Os responsáveis por estabelecerem o ensino dentro da AIBA são os artistas que chegaram
com a Missão Artística Francesa, trazendo consigo a tradição da escola francesa neoclássica.
As práticas pedagógicas propostas nesse período baseavam-se principalmente no ensino de
desenho, a partir de premissas como “cópia de modelos, na imitação de atitudes, no
desenvolvimento de habilidades manuais e de hábitos de precisão, na organização e na limpeza”
(FERNANDES, 2016, p.80).
A pedagogia tradicional, com diferentes vertentes, continua fazendo parte da lógica
educacional, mesmo após Pombal expulsar os jesuítas, fundamentando-se no liberalismo
político e desvinculando-se, em certa medida, da igreja católica, ainda que a influência dessa no
ensino continue presente.

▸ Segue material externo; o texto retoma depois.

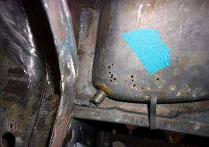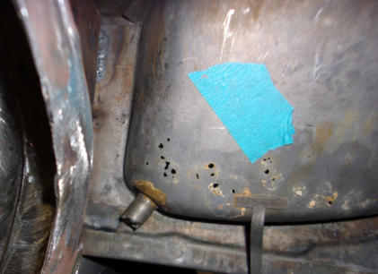 Cars can and will rust in some strange places, often places where you would never think to look. Not until you notice water on your carpet after a car wash or a drive in the rain would you start an investigation leading to this spot. This is the lower outer corner of the scuttle plenum, or in other words the chamber under the cowl vent that feeds fresh air to the heater and vent system of a TR4-TR6. You can see the little hose nipple in the corner. This is supposed to collect any water that enters the plenum from above, then drain it out at the rear edge of the front fenders. Inside the plenum is an area which never received any paint from the factory, all bare steel so it’s going to rust. Rust flakes and any other dirt and debris which enters through an open vent (or TR6 plastic grille) will clog the tube and hold the water inside, accelerating the rust until it breaks through like this (or more). We’ve had cars with this whole corner missing. Debris can also clog the drain hole at the bottom of the fender, and when that hole clogs, it’s a major contributor to the front fenders rusting along the lower edge.

Os ideais iluministas são a referência que Pombal tenta instalar no
sistema de ensino e que seguem até o início do século XX(SAVIANI, 2011, p.76), quando
surge a pedagogia escola novista.
no ano de 1896, acontece, no Rio de Janeiro, a primeira exibição cinematográfica,
marcando a chegada do cinema no Brasil, que é introduzido no país a passos lentos e alcança
setores exclusivos da sociedade brasileira. Aqui se valorizam, especialmente, as produções de
caráter educativo que, de certa maneira, advinham das propostas dos irmãos Lumiére, que
advogavam por um olhar voltado “para o registro social e antropológico” (VILAÇA, 2013, p.
58).
Já no ano de 1910, tem-se registro de uma feira de cinema educativo que aconteceu em
São Paulo e realizou a exibição de diversos materiais audiovisuais, muitos dos quais brasileiros.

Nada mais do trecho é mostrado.